You didn’t laugh. But your eyes flicked up, just for a second.
And he caught you.
His gaze landed on yours like sunlight through a magnifying glass — warm, focused, too sharp for comfort. He cocked his head slightly, curious. Amused. Like he already knew you didn’t like him, and he found it funny.
Your spine straightened. You looked down, scribbled something unimportant, and didn’t look up again.
Not even when he said, “We’ve got time for one more question,” and Reed nodded.
Not even when he added, “Let’s hear from the new face in the back.”
You froze.
Oh, you hated him already.
You lowered your notebook slowly. The entire room turned toward you, the chorus of murmurs dying into anticipation. Damn him.
You cleared your throat, standing straighter. “Johnny Storm,” you began, deliberately skipping the title, “your maneuver through the Mad Thinker’s drone grid — you mentioned flying through it at Mach 2. Given the adaptive AI those drones are equipped with, what was your contingency plan if the AI recalibrated mid-flight and blocked your exit trajectory?”
Silence.
It hung in the air like static — thick and heavy with implication.
Johnny blinked once.
Then leaned into the mic.
“Well,” he drawled, grinning, “I figured if it came to that, I’d just punch through the wall and make my own exit.

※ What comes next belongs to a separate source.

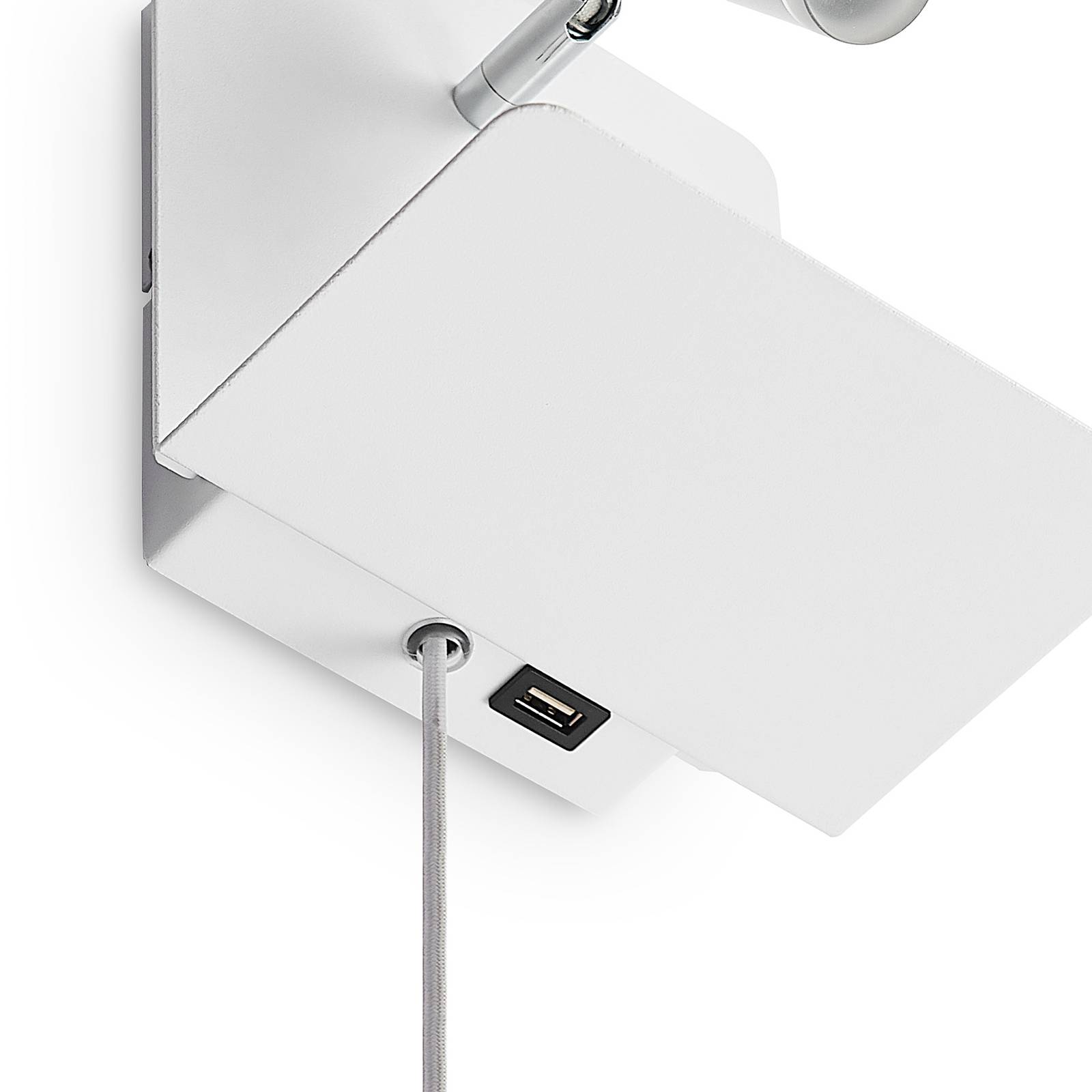 Lampada LED da parete Zavi - versatile grazie alla porta USB e alla mensola integrate Questa sofisticata lampada convince per il suo aspetto neutro, che la rende integrabile in modo flessibile in diversi ambienti. La luce viene emessa verso il basso, in modo che l'area sottostante la sorgente luminosa sia ben illuminata. Il pratico faretto può anche essere inclinato di 120 gradi e ruotato di 340 gradi intorno al proprio asse. L'applique a LED Zavi è dotata di una seconda lampada LED che emette indirettamente dal lato e illumina la parete, creando bellissimi accenti luminosi. È inoltre dotata di un ripiano integrato e di una porta USB, in modo che Zavi possa essere utilizzata anche come stazione di ricarica per uno smartphone

Y’know, big flamey boom — very cinematic.”
A few people chuckled. You didn’t.
Reed, however, stepped in without missing a beat. “To clarify — the team ran multiple simulations prior to Johnny’s entry. I programmed a counter-scrambler pulse that temporarily blinded the AI’s recalibration process. It wasn’t just a brute force plan. Johnny was operating with full sensor override and two automated failsafe routes if the main trajectory failed.”
You nodded, polite. “Thank you, Doctor Richards. But the question was for Mr. Storm.”
Reed hesitated — just long enough for you to feel the ripple of surprise move through the room. Then he nodded once, stepping back from the mic.
Johnny leaned forward again, that lopsided grin creeping back onto his face like it lived there.
“Well,” he said, voice lower now, just for you, “guess I gotta brush up on my tech lingo if I wanna impress the press.”
“You could start with not dodging questions,” you replied, just loud enough for him to hear.
The smallest twitch touched the corner of his mouth. Not offense. Not irritation. Just interest. Huh.
“Duly noted…?” He dragged the word out like an invitation.
You flipped your notebook shut. “You’ll read it in the byline.”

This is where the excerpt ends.